For logistic regression, we fitted two models. Exogenous variables were numbers of files, contributors, commits, and branches; average commit message length; average editors per file; average interevent time, in hours; lead workload, the proportion of commits made by the heaviest contributor; effective team size; burstiness, as measured by the index of dispersion; and, for model 1 only, the top programming language as a categorical variable. Given differences in programming language choice in academic and industry [37], we wish to investigate any differences when comparing Penumbra and GitHub projects (see also Sects. 2.1 and 3.3). There is a long tail of uncommon languages that prevents convergence when fitting model 1, so we processed the categorical variable by combining Bourne and Bourne Again languages and grouping languages that appeared in fewer than 1000 unique repositories into an “other” category before dummy coding. JavaScript, the most common language, was chosen as the baseline category. Missing values were present, due primarily to a missing top language categorization and/or an undefined average interevent time. Empty or mostly empty repositories, as well as repositories with a single commit, will cause these issues, so we performed listwise deletion on the original data, removing repositories from our analysis when any fields were missing. After processing, we were left with 67,893 repositories (47.26% Penumbra). Logistic models were fitted using Newton-Raphson and odds \(e^{\beta}\) and 95% CI on odds were reported.

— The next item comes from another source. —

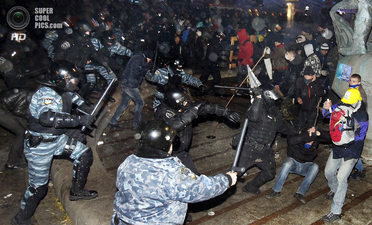 30 ноября 2013 года беркутовцы с дубинками, взрывчатыми пакетами разгоняли митингующих студентов

For the random forest model, feature importances were used to infer which features were most used by the model to distinguish between the two groups. We used the same data as logistic regression model 2, randomly divided into 90% training, 10% validation subsets. We fit an ensemble of 1000 trees to the training data using default hyperparameters; random forests were fit using scikit-learn v0.24.2. Model performance was assessed using an ROC curve on the validation set. Feature importances were measured with permutation importance, a computationally-expensive measure of importance but one that is not biased in favor of features with many unique values [40]. Permutation importance was computed by measuring the fitted model’s accuracy on the validation set; then, the values of a given feature were permuted uniformly at random between validation observations and validation accuracy was recomputed. The more accuracy drops, the more important that feature was. Permutations were repeated 100 times per feature and the average drop in accuracy was reported. Note that permutation importance may be negative for marginally important features and that importance is only useful as a relative quantity for ranking features within a single trained (ensemble) model.